Denn gerade muss er diesen besagten Koffer auf sein Bett hieven, was komische Geräusche von sich gibt, als das Monstrum auf ihm liegt und Daniel steht davor und will den Koffer am liebsten gleich wieder herunter schmeißen.

Er will das nicht. Er will in kein Freizeitlager. Nicht in seinen Sommerferien, nicht für drei Wochen und erst recht nicht in einen scheiß Wald!

Doch alle anderen wollen. Nur Daniel eben nicht.

Alle anderen mögen Sport, Daniel nicht.

Alle anderen werfen mit Kraftausdrücken um sich, Daniel nicht.

Und auch das findet Daniel scheiße. Aber so richtig.

Was ist an dem Hamburger Vorort so falsch, dass er nicht hier bleiben kann? Was ist denn so falsch daran, dass Daniel eben nicht mit diesen groben Arschlöchern zu recht kommt, die ihn schon in der Schule genug hin und her schubsen? Er kann nicht mit Gewissheit sagen, dass er die Jungs im Lager kennen wird, aber die sind in Daniels Augen eh alle gleich.

Alles ist gleich heutzutage und alles ist gleich scheiße. Man kann sich nicht mehr auf die Straße trauen ohne das von einem etwas erwartet wird. Man kann nur in der Masse untertauchen und versuchen nicht aufzufallen, aber selbst das will Daniel einfach nicht.

Und er weiß, dass das Lager genau dafür da ist: Eine starke Gemeinschaft zu formen... Was aber, wenn er das nicht will? Wenn er lieber mit seinen Eltern ans Meer fährt? Was, wenn er lieber mit Leuten Eis essen geht und zwar mit Leuten, die er mag?

Daniel versteht seine Eltern nicht. Und erst recht versteht er sie nicht, wenn sie sagen, dass er dazu gehören muss und dass er raus muss, in die große weite Welt.

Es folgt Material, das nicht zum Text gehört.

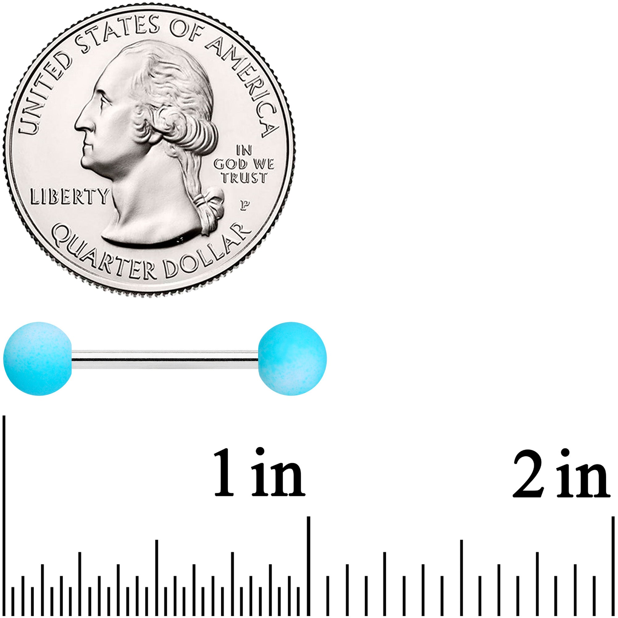 Some things need a softer touch....like this 14 gauge tongue ring! It's made with a 5/8" durable 316L surgical grade stainless steel straight barbell. It has 5mm ball ends that feature a finish that's slightly soft to the touch, a perfect contrast to the simple white and bright blue ombre colors! These bright, eye-catching colors are sure to stand out while their soft finish will ensure you will want to keep this tongue jewelry in your tongue piercing!

Die große weite Welt ist ein Wald an der Nordsee, so wie es scheint. Denn da wird Daniel Sommerdorf morgen hinfahren. Mit dem brandneuen Auto seines Vaters, der das alles eigentlich auch nicht mag, weil er so introvertiert ist wie Daniel selbst. Aber man hört ja auf seine Frau und wenn alle das machen, wenn alle ihre Kinder in Freizeitlager schicken und zwar strikt in Geschlechtern und Altersklassen eingeteilt, dann macht das wohl oder übel auch Doktor Sommerdorf.

Der Doktor, der gerade mahnend im Türrahmen von Daniels Zimmer steht und seine Brille zurecht rückt.

Sein Sohn flucht immer noch murmelnd über das Gewicht des Koffers.

„Willst du da auch was rein packen oder denkst du, dass fliegt da magischer Weise rein?", murmelt der Doktor.

Daniel zuckt zusammen, da er nicht wusste, dass sein Vater ihm zugehört und zugeschaut hat.

„Hab dich nicht gesehen."

„Packst du dann mal? Morgen ist die Abreise und es ist schon abends. Und ich weiß, dass du nicht packen kannst und ewig dafür brauchst, also mach schnell." Und dann gesellt sich Doktor Sommerdorf zu seiner Ehefrau ins Wohnzimmer, welche gerade in einem Fachbuch liest. Gestern hatte sie einen Patienten bekommen, dessen Krankheit unidentifiziert scheint und sie will noch einmal in ihrer Fachliteratur nachlesen, ob sie vielleicht Anzeichen übersehen hat.

„Packt er?" Sie schaut nicht auf. Blättert nur eine Seite weiter und rümpft die Nase.

„Ja, nein. Daniel ist gerade dabei den Koffer zu beschimpfen. Ich hoffe aber, dass er gleich packt."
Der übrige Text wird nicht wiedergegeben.